Three events this week are proof of a slender but welcome tenacity in India’s body politic that we can never afford to lose. First, on 11 April, a sessions court reopened the case against Congress leader Jagdish Tytler for his culpability in the 1984 anti-Sikh riots, even though the CBI has given him a clean chit twice. Second, Nitish Kumar rebuffed Narendra Modi’s prime ministerial ambition with high-octane criticism of his role in the 2002 Gujarat riots, reinforcing his political unacceptability for many. And third, Zakia Jafri filed a protest petition at a magisterial court against the SIT’s closure report that had said there was no prosecutable evidence against Modi in the riots.

There are many who feel affronted with this dogged focus on things past. They would rather everyone just move on and forget. Modi’s defenders, of course, see a motivated campaign in those who resist him and their standard tactic on any debate on the 2002 riots is to bring up the events of 1984, hoping the brazen horror of one will silence the other.

The truth is, it’s an important comparison, and this is a good week to focus intensely on it. The bare facts of the 1984 pogrom are chilling. Close to 3,000 Sikhs were killed in Delhi alone and 28 years later, of the 147 police officers who were indicted for their role in the killings by various committees, not one — and this bears emphasis, not one — has been prosecuted. These officers were not merely negligent, they were evil. They systematically disarmed ordinary Sikhs and allowed rioters to roll over them with sword and fire. Some even took part. Many refused to register FIRs; they threatened eyewitnesses and forced them to sign affidavits favouring the police; they destroyed paper trails, manipulated evidence and reduced major offences to minor ones. One SHO told the Nanavati Commission that senior officers had ordered him to merge 115 complaints into one vague omnibus FIR so none of the complaints would stand scrutiny. The story of Shoorveer Singh Tyagi, SHO of Trilokpuri station, is starkly telling. Nearly 500 Sikhs were brutally killed on his watch. He was described as a “living shame” by several committees, but he was discharged by the court because the police refused to take the home ministry’s sanction to prosecute him. In 2005, he was promoted as assistant commissioner of police. Top cop Ved Marwah was asked to discontinue his probe on police lapses and was specifically instructed to destroy his handwritten notes.

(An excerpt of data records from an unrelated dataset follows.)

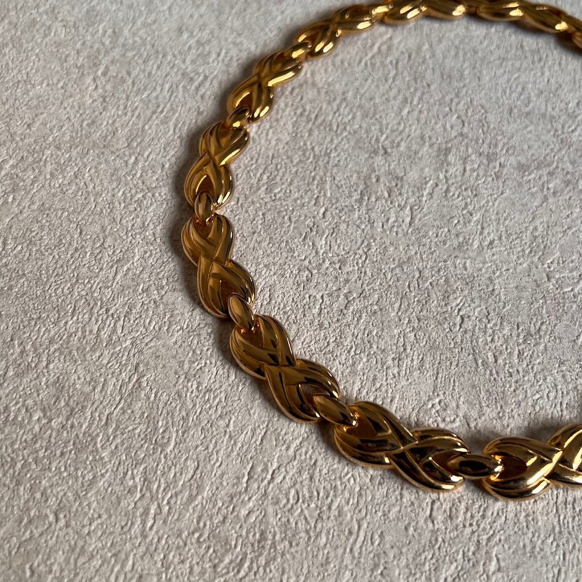 エイトパターンのパーツを繋げた、メタルのネックレスです。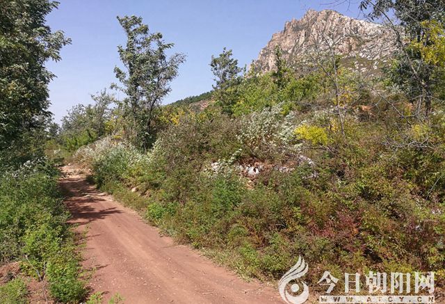 接到邀請,我開車帶著家人,從朝陽市區(qū)出發(fā),走南雙廟去往槐樹洞方向,再走去往北四家子那座大橋,不向左拐去鄉(xiāng)里,而是在橋頭右拐去謝杖子村方向,再走7公里右拐上山,就到了芹菜溝,一直開到山里(這段是土石路,但轎車也可以走)就到了姚翔飛的“花果山”了!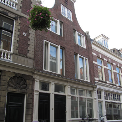 Pand met klokgevel met driehoekige frontonbekroning 1692, bloemen als voluten.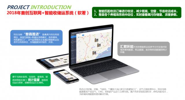 國家從2008年開始開始關(guān)注畜禽處理,2017年已經(jīng)開始形成規(guī)?;?。而匯君環(huán)能同時也從去年開始著手規(guī)劃整縣(市)資源化的處理,利用匯君模式,根據(jù)當(dāng)?shù)氐膶嶋H情況,合理規(guī)劃沼氣工程中心站,另外以村鎮(zhèn)為單位、以公里半徑為單位、以養(yǎng)殖規(guī)模為單位,建立有機肥加工廠,采用智能化收儲運平臺,有效利用地方的政策,配合消納政策,實現(xiàn)全方位畜禽糞污資源化智能處理。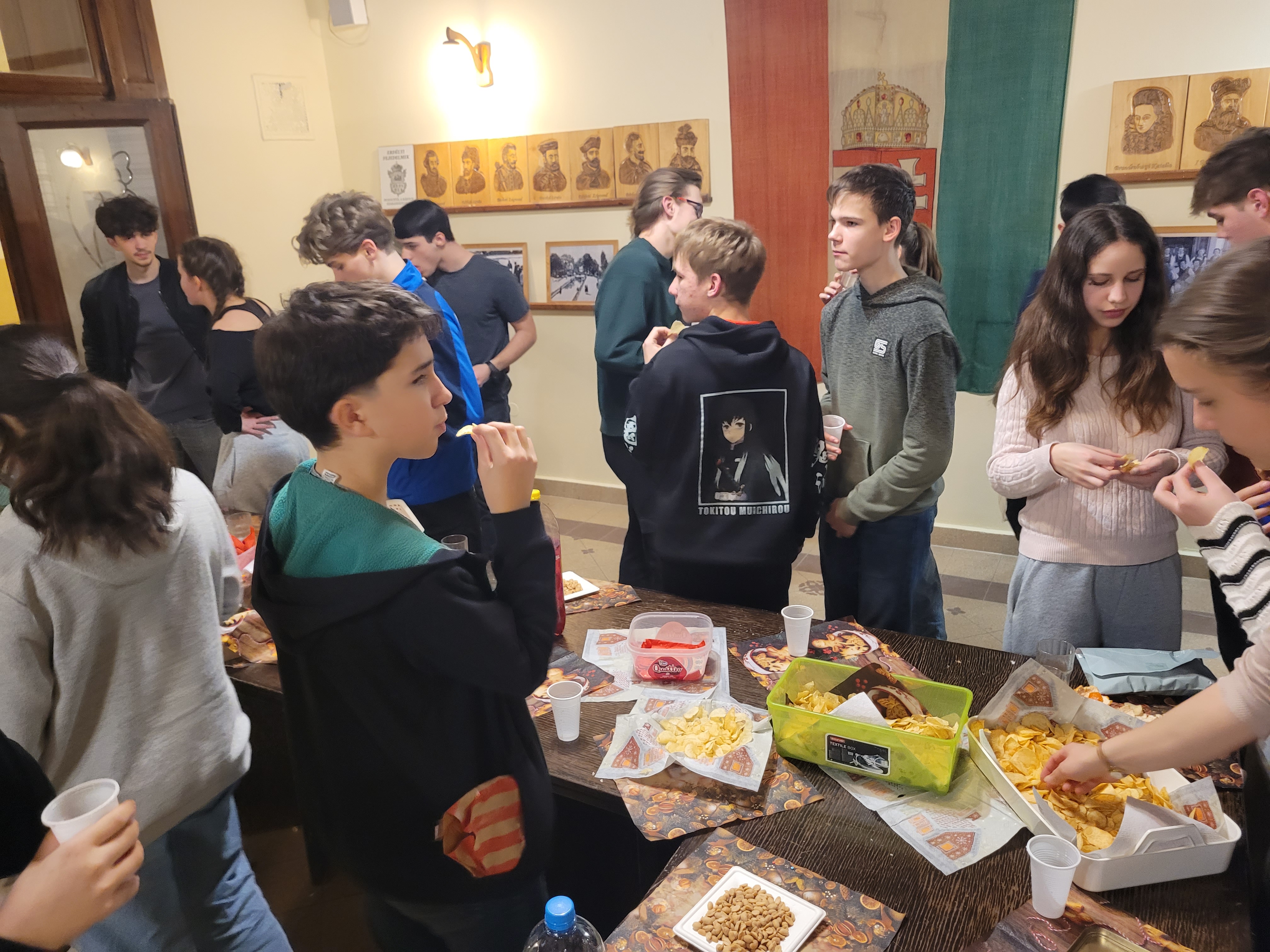 Ezután következett az ajándékok átadása a „kihúzottjainknak”. A sütemények, gyümölcsök és üdítő elfogyasztását követően mindenki vidáman tért vissza szobájába. A kollégiumi karácsony idén is családias hangulatú ünnepség volt.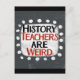 "Los Profesores de Historia Son Raros" es un diseño de texto lindo en gris con texto negro y rojo, junto con una forma de acento blanco y puntos caprichosos texturizados blancos que lo rodean.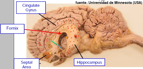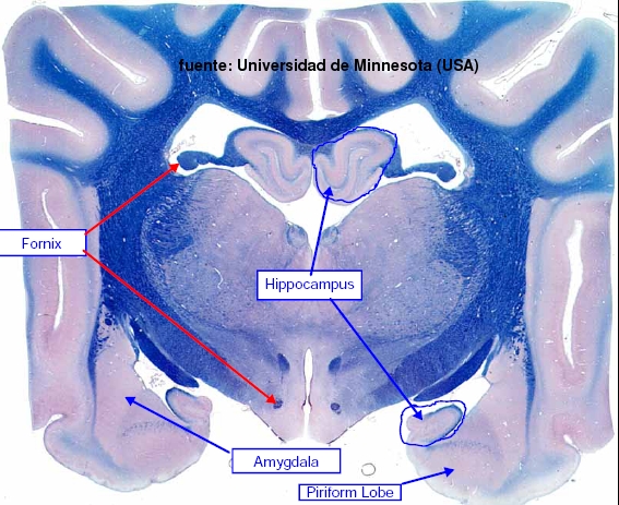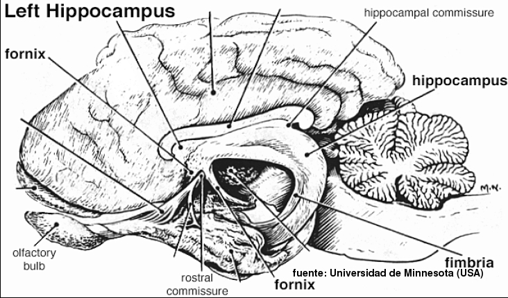 HIPOCAMPO: Es una estructura de la corteza cerebral con 3 capas de células, llamada ARQUEOCORTEX, de importancia en aprendizaje asociativo y memoria (particularmente memoria de corto tiempo). Tanto pacientes amnésicos como animales con daños en hipocampo exhiben problemas tiempo-dependientes en tareas de comportamiento generalmente descritas como asociativas o relacionadas por naturaleza. Este área del cerebro tiene un bajo umbral de ataques o convulsiones.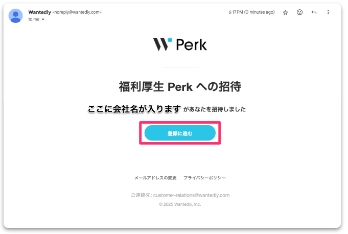 ・Perkのアカウントを作成するには、Perkを契約している企業の管理者から招待を受ける必要があります。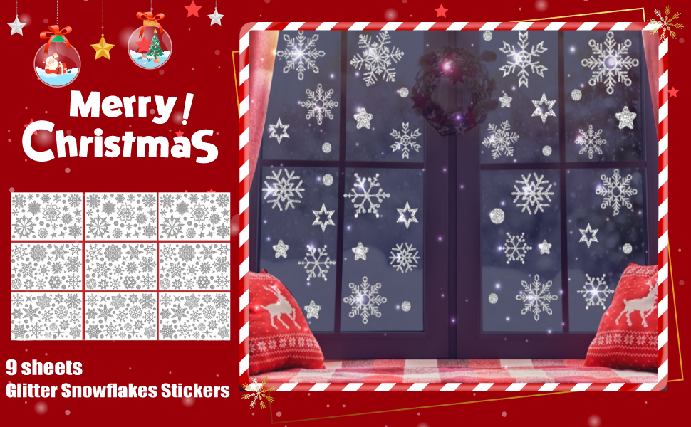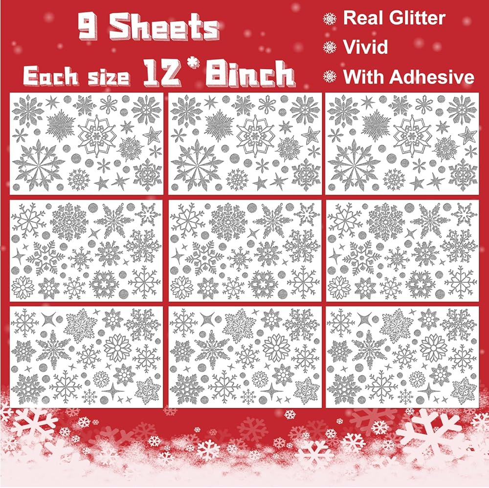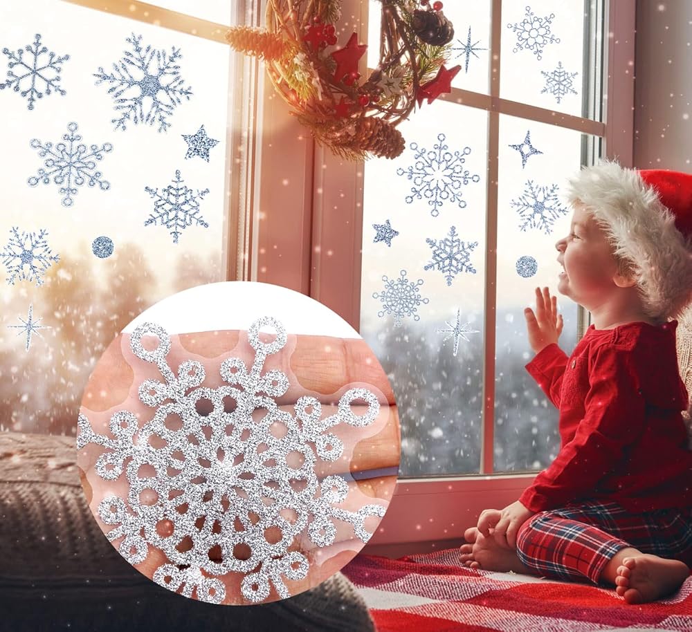 148 Pcs Christmas Wall Decals Glitter Snowflakes Stickers Window Stickers Winter Wall Decals Silver Frozen Stickers Home Decoration for Christmas Party Supplies…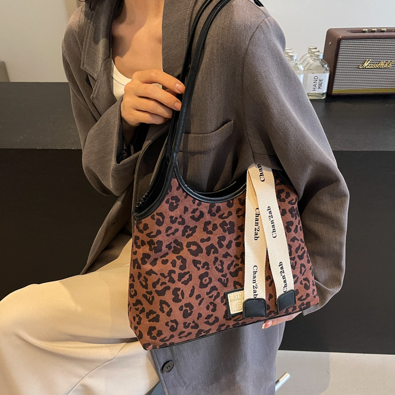 跨境豹纹水桶包女新款秋冬潮流时尚斜挎包韩版小众设计托特包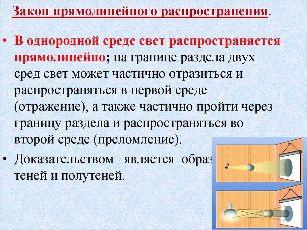• В однородной среде свет распространяетсяпрямолинейно; на границе раздела двух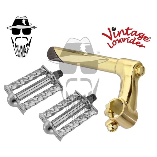 Vintage Lowrider Stem Classic 22.2 Gold & Pedals Square Twisted 9/16" Chrome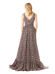 V-Neck Long Print Gown Hi-Low Wrap OUTLET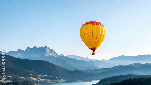 Yellow Hot Air Balloon Floating Above Mountainous Landscape Under Clear Blue Sky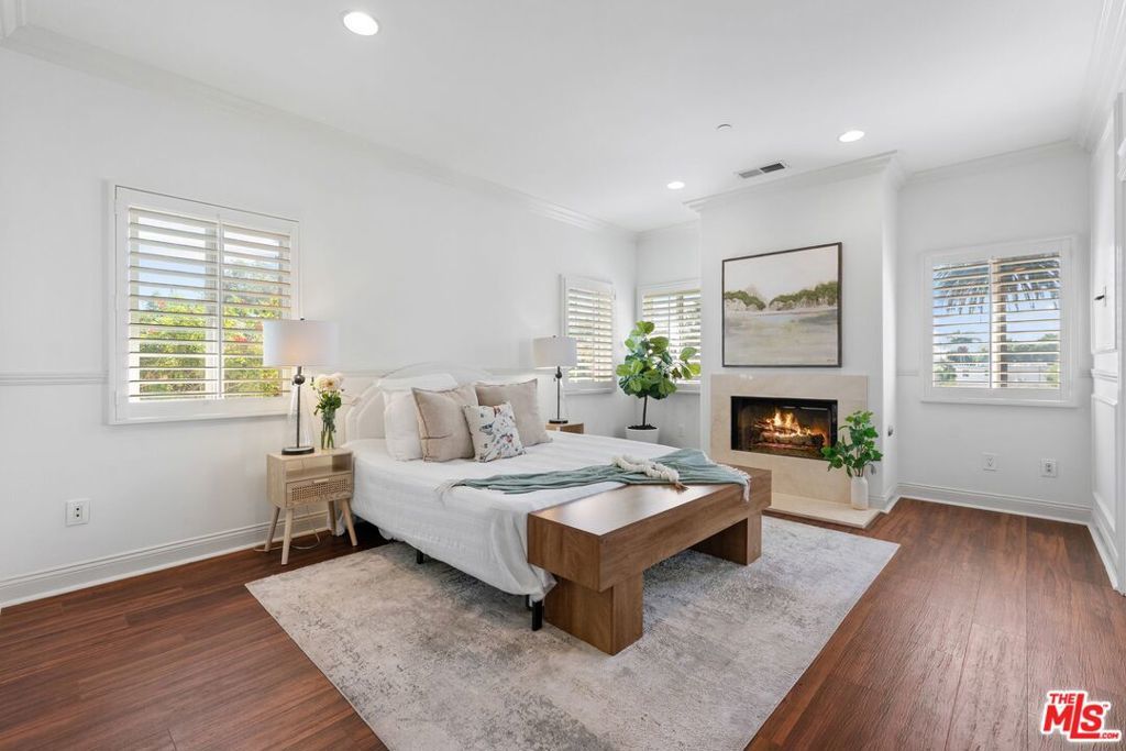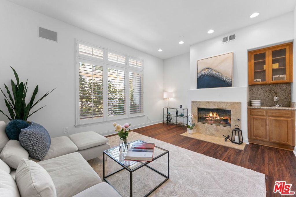 Luxury contemporary Mar Vista home in a quiet, gated community awaits you. This exquisite 4-bedroom, 3.5-bathroom residence, spanning approximately 2,900 square feet, blends architectural elegance, spacious design, and refined comfort. Perfectly situated on a private cul-de-sac, this home harmonizes Mediterranean charm with timeless California sophistication. A formal entryway leads to a dramatic two-story atrium that fills the home with natural light and connects each space with effortless flow. The formal living room, complete with an elegant fireplace, opens to the dining room, creating a perfect setting for entertaining or intimate gatherings. A graceful walkway connects to the family room, powder room, and designer kitchen, bringing warmth and function to the heart of the home. The family room features a second fireplace, built-in cabinetry, crown molding, recessed lighting, and a wet bar, all complemented by abundant natural light and a theater-quality surround sound system. The gourmet kitchen is a chef's dream, showcasing a massive granite island with built-in storage, breakfast bar, plentiful cabinetry, and stainless-steel appliances, including dual ovens, a microwave, refrigerator, trash compactor, and wine cooler. Skylights and vertical windows flood the space with sunlight, while a breakfast area offers tranquil views of the lush yard. A spectacular wood staircase leads to the second floor. The lavish primary suite features vaulted ceilings, a third fireplace, a spacious walk-in closet, a private balcony with tree and neighborhood views, and a spa-inspired en-suite bath with a jetted soaking tub. A sunny loft area provides a perfect retreat or reading nook. The home also includes a junior suite with its own sitting area and balcony, as well as two additional bedrooms that can serve as guest rooms, a gym, office, or creative spaces. Additional features include a dedicated laundry room with a utility sink, direct access to a private two-car garage and driveway parking, central air conditioning and heating, and separate grassy yardsone fenced for complemented by a rock garden and a serene Zen path. Freshly painted interiors, plantation shutters throughout, and premium finishes elevate every detail. The community offers low HOA dues ($233/month) covering weekly landscaping, maintenance, and gate security. Nearby are pet-friendly walking streets, restaurants of all cuisines, museums, parks, golf, and shopping. Conveniently close to the 405 and 10 Freeways, UCLA, Santa Monica, Venice Beach, and Beverly Hills, this home provides easy access to the best of Los Angeles. Refined, radiant, and move-in ready, this gorgeous Mar Vista estate offers an unparalleled lifestyle of elegance, comfort, and architectural grace truly designed for your most discerning buyer.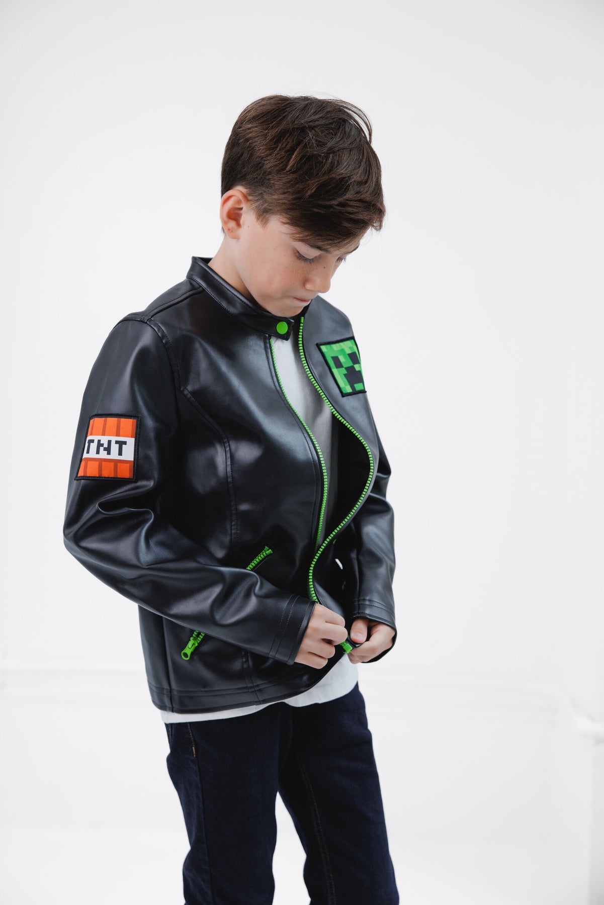 Get your little one ready for their next adventure with this Minecraft Creeper faux leather jacket. Made with high-quality materials, this jacket is both stylish and durable. The iconic Creeper design is sure to please any Minecraft fan. Available in sizes for both little and big kids, this jacket is perfect for any occasion. Whether they're exploring the blocky world of Minecraft or just playing outside, your child will stay warm and comfortable in this jacket. Don't miss out on this must-have piece for any young gamer.
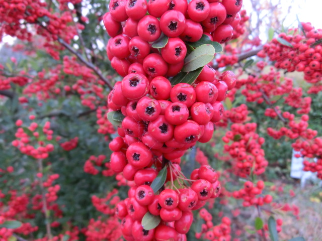 まっすぐなドウダンツツジの赤・・・きれいです。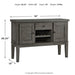 | Details | Made with hardwood solids, select acacia veneer and engineered wood, Antiqued gray finish, 2 cabinets, each with a center shelf, Shelves are removable and adjustable, Smooth-gliding drawer, Open cubby with wine rack divider, Assembly required | |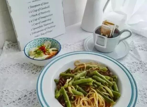 #10:豆角焖意面+凉拌香干+黑咖啡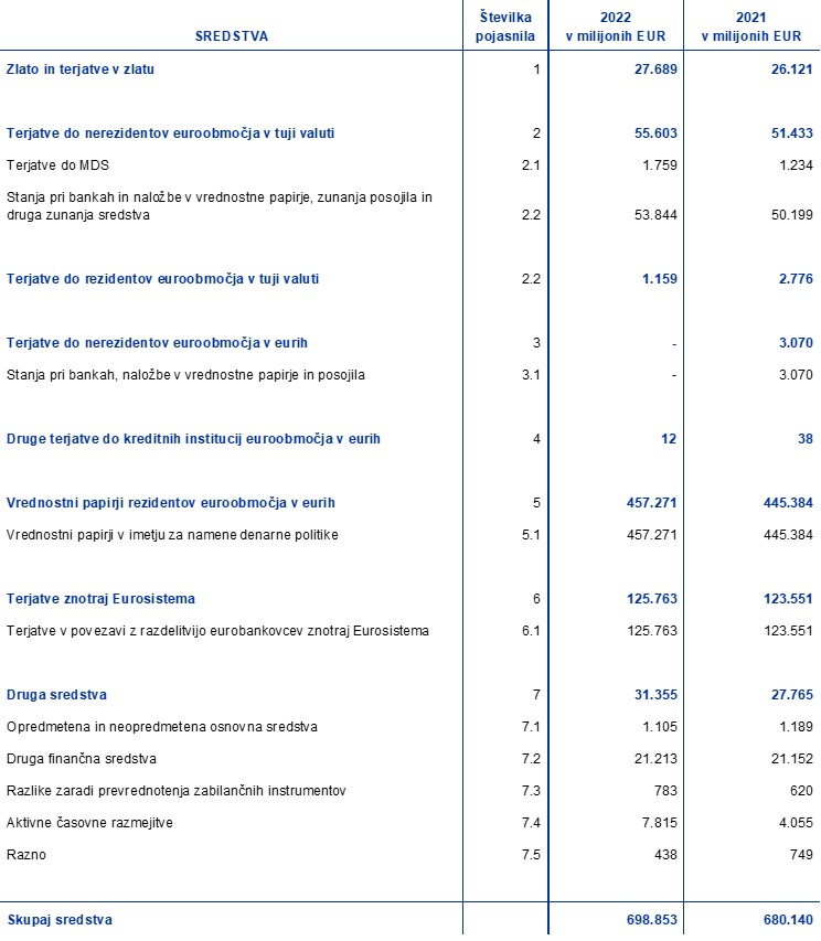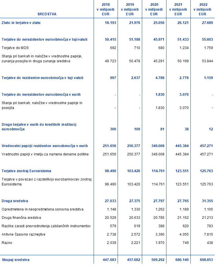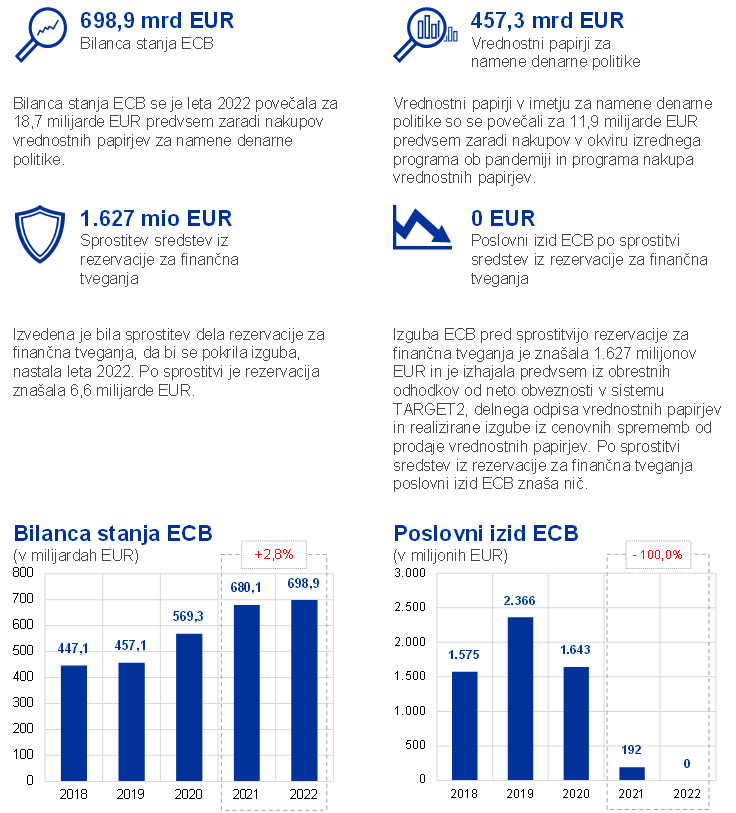 V letu 2022 se je bilanca stanja ECB povečala za 18,7 milijarde EUR na 698,9 milijarde EUR, in sicer predvsem zaradi deleža ECB od vrednostnih papirjev, kupljenih v okviru izrednega programa nakupa vrednostnih papirjev ob pandemiji in programa nakupa vrednostnih papirjev. Ti nakupi so povzročili povečanje vrednostnih papirjev v imetju za namene denarne politike, medtem ko je denarna poravnava teh nakupov prek sistema TARGET2 privedla do enakovrednega povečanja obveznosti znotraj Eurosistema. Povečanje obveznosti znotraj Eurosistema so več kot odtehtali denarni prilivi zaradi višjih vlog rezidentov euroobmočja pri ECB, kar je hkrati povzročilo tudi povečanje drugih obveznosti.

The story of the three high-profile Congress leaders — HKL Bhagat, Sajjan Kumar and Jagdish Tytler — accused of leading or provoking mobs is even starker. In each of their cases, despite glaring evidence of their collusion and active participation in the riots, they have walked free for 28 years. Bhagat died before a chargesheet was even filed against him.

The comparison between Delhi 1984 and Gujarat 2002 is important not because one cancels the other but because they are so frighteningly similar. The same story of political culpability; the same brazen subversion of justice; the same refusal to look the crime in the eye.

It is precisely because the horrific crimes of 1984 were not brought to book that 2002 could happen with such sickening similarity and impunity. The argument, therefore, should not be to forget but to pursue with even greater fervor.

TEHELKA’s seminal 2007 exposé of the Gujarat riots has helped bring some justice to the victims of Naroda-Patiya (though vast swathes of that story still remain unattended). But those who revile TEHELKA for pursuing the story forget that in 2005, in a damning investigation, our reporters Ajmer Singh and Etmad Khan had also exposed the dark web of intimidation and enticement that had been used to make key witnesses against the three Congress leaders hostile. In each of these cases, the reporters caught key witnesses or family members on spy camera talking about the money and flats and threats that had made them retract or change their accounts.

In the end, despite the court’s move this week, 28 years may be too late to legally indict those culpable for the 1984 riots. But the moral pressure must remain. That is what has forced Sonia Gandhi, Rahul Gandhi and Manmohan Singh to apologise for the blot of 1984, not just to Sikhs but the entire country because, as Singh put it, “what took place was a negation of the entire concept of nationhood enshrined in the Constitution”.

If Modi wants to take his place in history, events this week reinforces that he will have to begin with at least the very basics of a similar apology.